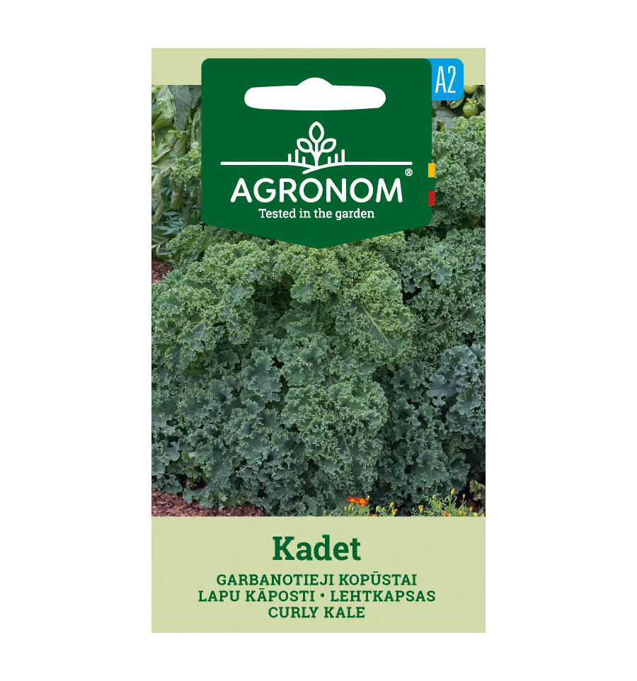 Frø af grønkåls-srten 'Kadet' der er en meget taknemmelig sort, der er let at dyrke. Bladene kan spises rå, blancherede, kogte eller blendede. Planterne tåler let frost.
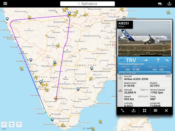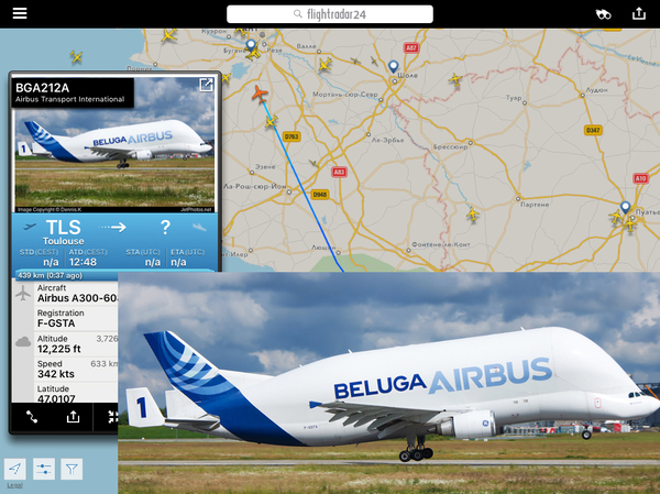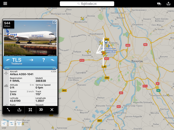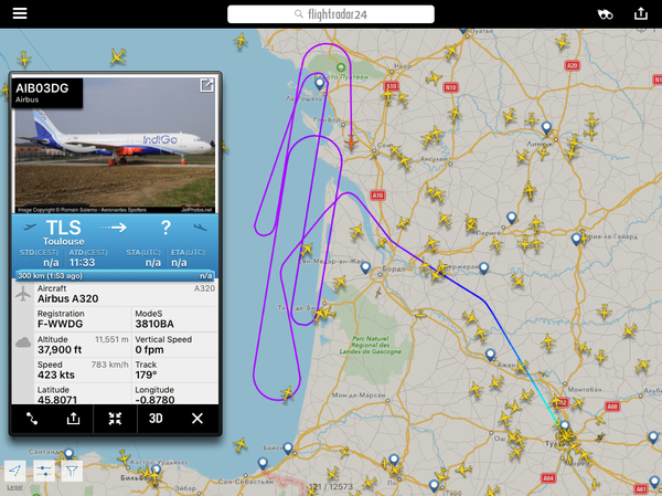 Еще пару слов о производстве. Вот свежий скрин (09 сент). Судя по нему свежесобранный А320 облётывается перед сдачей заказчику - индийской авиакомпании IndiGo (может быть у нас она совершенно неизвестна, но немного статистики - у этой авикомпании в наличии 113 бортов, а для сравнения у Аэрофлота - "всего" 188), кстати, облётывается не над густонаселенной Тулузской губернией, а подальше - над Бискайским заливом. Это вполне разумно. И фото этого борта, если мы посмотрим внимательнее, ещё даже без двигателей - то есть совсем свеженький. Но если загуглить его регистрационный номер F-WWDG - начнутся чудеса. Под этим номером кто только не проходит; не вдаваясь в детали - это тестовый номер, только на время производства, до момента передачи заказчику, после чего борт приобретает свой, "личный" регистрационный номер.
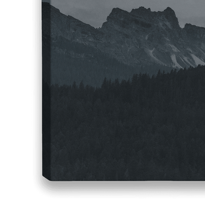 Een minimalistisch berglandschap in de Dolomieten, Italië, met gelaagdheid van bomen, rotspartijen en een halve maan tijdens blue hour.
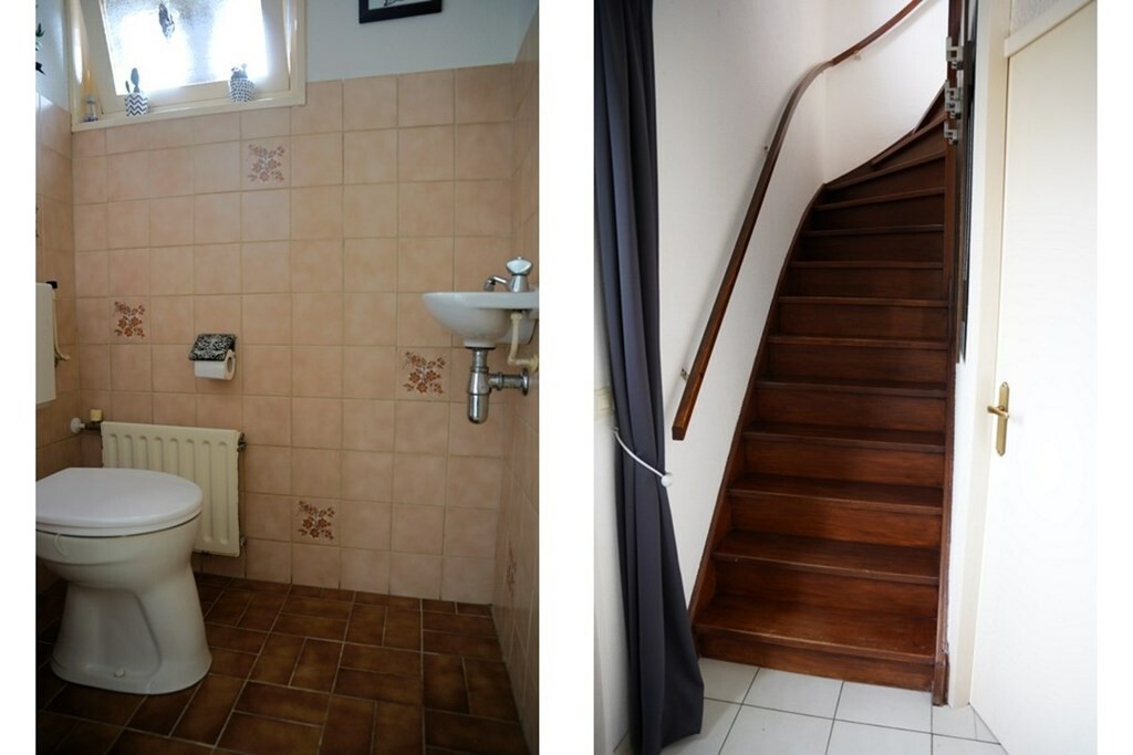 Je komt binnen in de hal met aldaar het toilet, de meterkast en de trap naar de 1e verdieping.
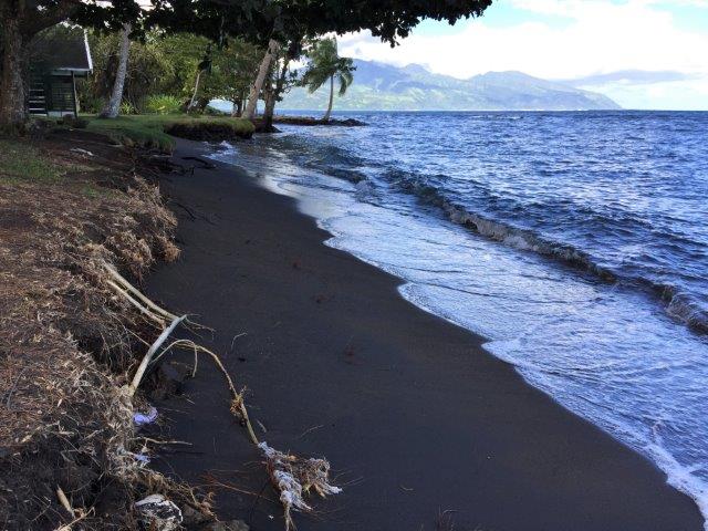But adjacent was a beautiful Botanic Garden … unfortunately not enough time to explore … and also this – one of the best, cleanest examples of the little black sand beaches that occur all over the place.
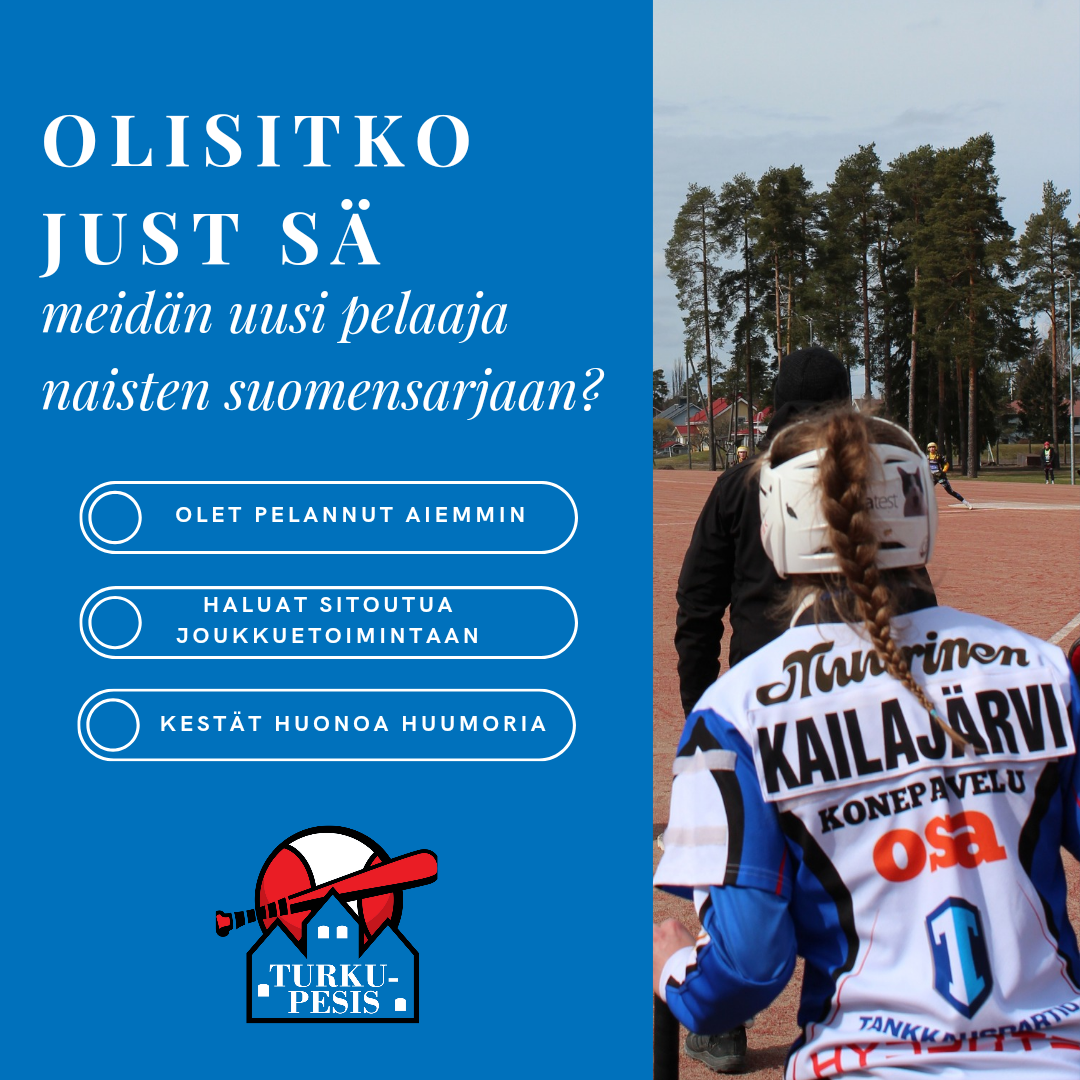 Jos olet aiemmin pelannut pesäpalloa, olet valmis sitoutumaan joukkuetoimintaan ja pelaaminen suomensarjassa kiinnostaa, tule mukaan! Turku-Pesiksen naisten joukkue tiivis ja motivoitunut porukka,…
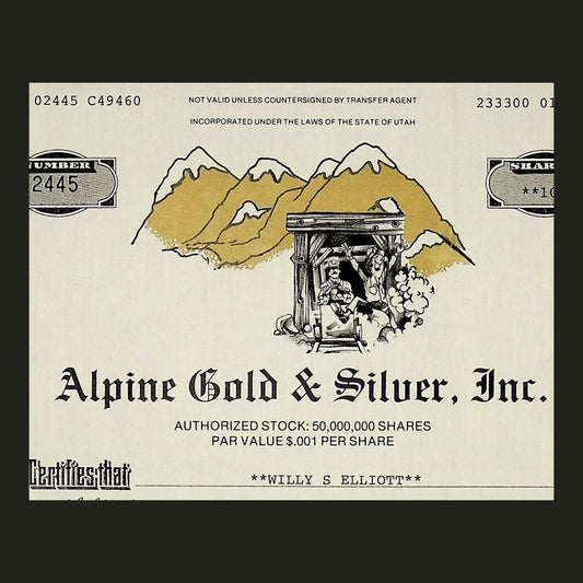 Alpine Gold & Silver Inc Stock Certificate from 1986
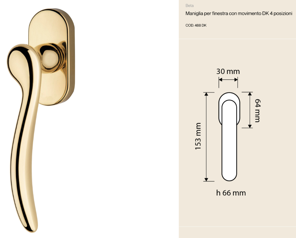 Beta Linea Calì es la manilla ideal para ventanas que combina la elegancia clásica y la funcionalidad moderna, con la calidad artesanal del auténtico Made in Italy.
■ ■ ■ ■ ■
* **Task goal**
In the records above, copy exactly everything from the line that has "Een minimalistisch berglandschap" down to the line that has "Je komt binnen", both ends included, and leave out the pictures.

* **Output for this task**
 Een minimalistisch berglandschap in de Dolomieten, Italië, met gelaagdheid van bomen, rotspartijen en een halve maan tijdens blue hour.
 Je komt binnen in de hal met aldaar het toilet, de meterkast en de trap naar de 1e verdieping.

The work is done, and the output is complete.